## WORK TASK
From the first line to the last, copy the material word for word; pictures stay out.
── INFORMATION SHOWN ──
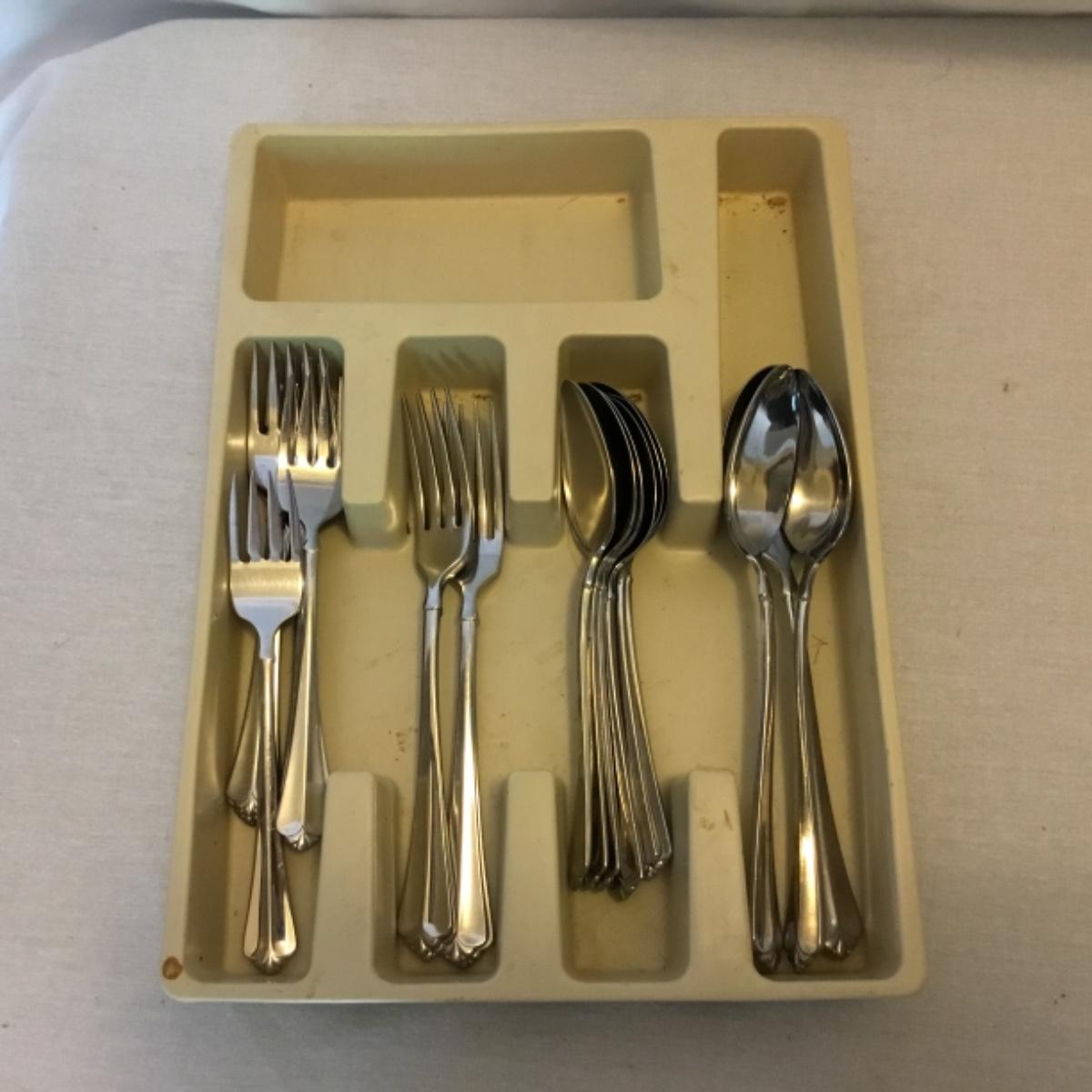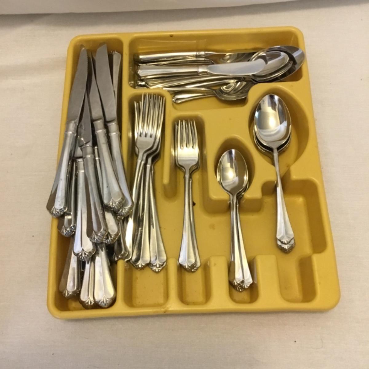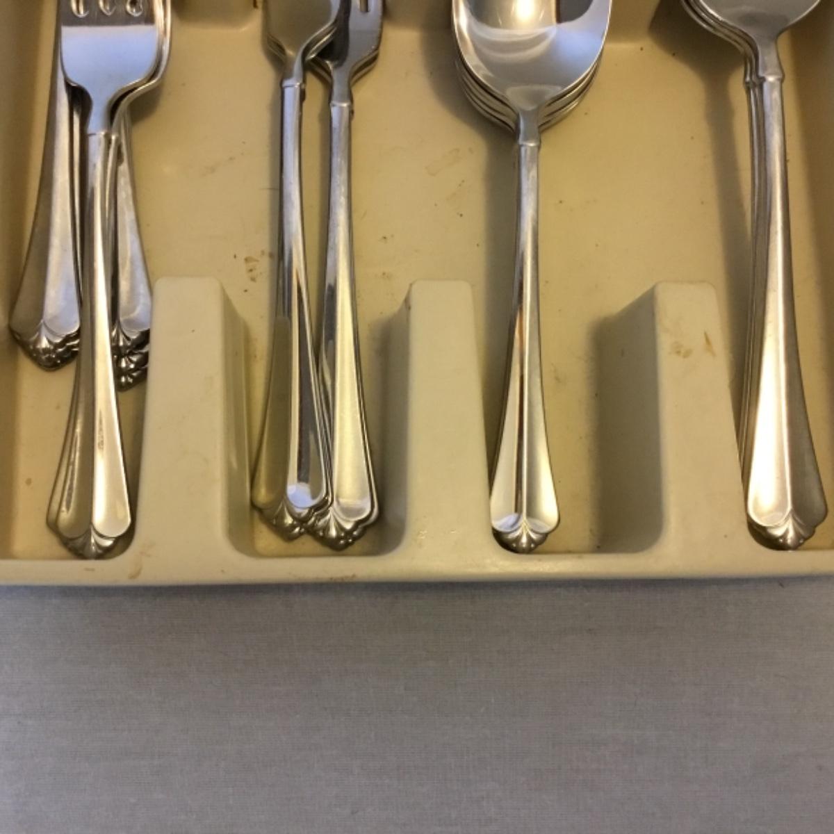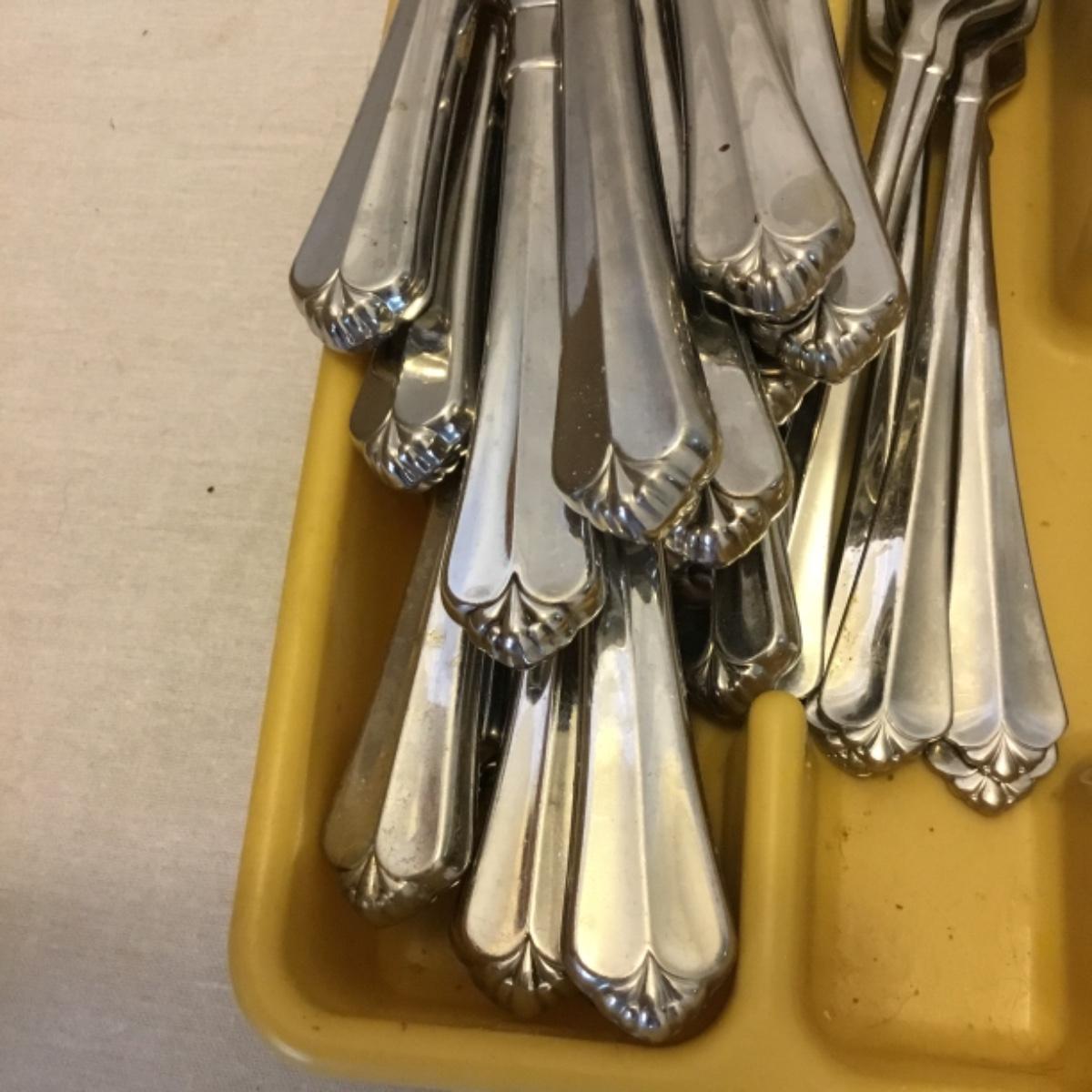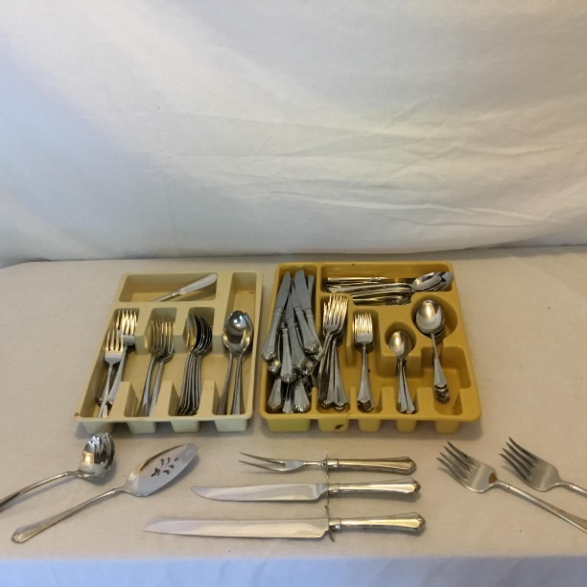 Lot includes a pair of silverware sets in their own organizers. Lot includes traditional everyday use utensils along with a few serving utensils. All the silverware has consistent similar design and all Oneida silverware. See photos for close-up details. Local pickup only.
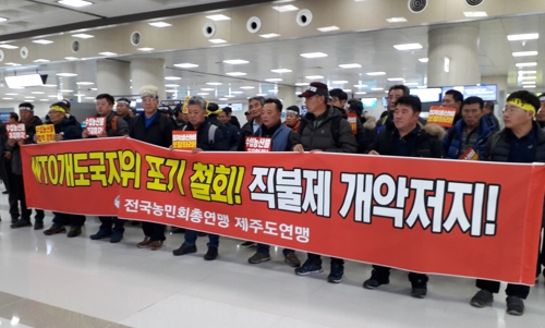 또 "정부가 추진하는 WTO 개도국 지위 포기 방침과 직불제 개편은 제주농업의 근간을 흔드는 중차대한 문제"라며 "정부 차원의 농산물 가격안정 대책 수립과 위기에 빠진 농민생존권 보장이 절실하다"고 주장했다.
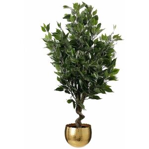 Comes with the decorative metal planter shown. Products are separate and can be used together or on their own. This artificial tree is suitable for both residential and commercial applications. 110cm (3ft +) tall. Stems are wired and can be shaped to your requirements. It comes potted in a plain plastic pot and is ready to display . You can easily put this inside a larger planter if you wish. Plastic pot measures 15cm (d) x 13cm (h) approx. This product is designed for indoor use only.
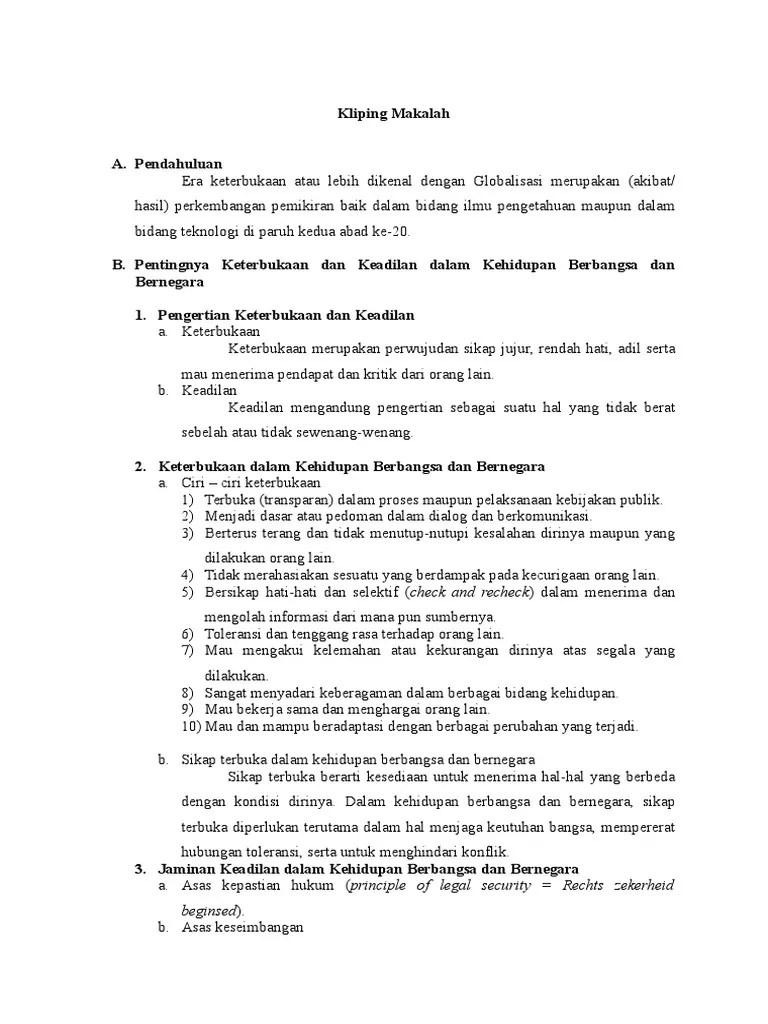 Dalam kehidupan berbangsa dan bernegara, sikap terbuka diperlukan terutama dalam hal menjaga keutuhan bangsa, mempererat hubungan toleransi, . Penting bagi terbentuknya sikap politik warganegara yang mendukung berfungsinya. Sikap keterbukaan dalam masyarakat seperti bangsa indonesia akari menciptakan kebersamaan. Ideologi pancasila menjadi sangat penting bagi bangsa indonesia karena pancasila memiliki beberapa kedudukan dalam kehidupan berbangsa dan . Keterbukaan dalam kehidupan berbangsa dan bernegara merupakan awal. Sikap positif terhadap negara kesatuan. Perlunya revitalisasi pancasila, sebagai dasar dan ideologi negara dan. Dalam kehidupan berbangsa dan bernegara. Dinamika dalam mengaktualisasikan nilai pancasila ke dalam kehidupan bermasyarakat, berbangsa, dan benegara adalah suatu keniscayaan, agar pancasila tetap . Tujuan pendidikan pancasila dapat membentuk warga negara yang baik dan paham akan. Dalam kehidupan berbangsa dan bernegara, berperan serta dalam pergaulan. Bangsa yang bermartabat dalam rangka mencerdaskan kehidupan bangsa,. Partisipasi warga negara dalam politik menjadi ciri khas .
───
## WRITTEN ANSWER
 Lot includes a pair of silverware sets in their own organizers. Lot includes traditional everyday use utensils along with a few serving utensils. All the silverware has consistent similar design and all Oneida silverware. See photos for close-up details. Local pickup only.
 또 "정부가 추진하는 WTO 개도국 지위 포기 방침과 직불제 개편은 제주농업의 근간을 흔드는 중차대한 문제"라며 "정부 차원의 농산물 가격안정 대책 수립과 위기에 빠진 농민생존권 보장이 절실하다"고 주장했다.
 Comes with the decorative metal planter shown. Products are separate and can be used together or on their own. This artificial tree is suitable for both residential and commercial applications. 110cm (3ft +) tall. Stems are wired and can be shaped to your requirements. It comes potted in a plain plastic pot and is ready to display . You can easily put this inside a larger planter if you wish. Plastic pot measures 15cm (d) x 13cm (h) approx. This product is designed for indoor use only.
 Dalam kehidupan berbangsa dan bernegara, sikap terbuka diperlukan terutama dalam hal menjaga keutuhan bangsa, mempererat hubungan toleransi, . Penting bagi terbentuknya sikap politik warganegara yang mendukung berfungsinya. Sikap keterbukaan dalam masyarakat seperti bangsa indonesia akari menciptakan kebersamaan. Ideologi pancasila menjadi sangat penting bagi bangsa indonesia karena pancasila memiliki beberapa kedudukan dalam kehidupan berbangsa dan . Keterbukaan dalam kehidupan berbangsa dan bernegara merupakan awal. Sikap positif terhadap negara kesatuan. Perlunya revitalisasi pancasila, sebagai dasar dan ideologi negara dan. Dalam kehidupan berbangsa dan bernegara. Dinamika dalam mengaktualisasikan nilai pancasila ke dalam kehidupan bermasyarakat, berbangsa, dan benegara adalah suatu keniscayaan, agar pancasila tetap . Tujuan pendidikan pancasila dapat membentuk warga negara yang baik dan paham akan. Dalam kehidupan berbangsa dan bernegara, berperan serta dalam pergaulan. Bangsa yang bermartabat dalam rangka mencerdaskan kehidupan bangsa,. Partisipasi warga negara dalam politik menjadi ciri khas .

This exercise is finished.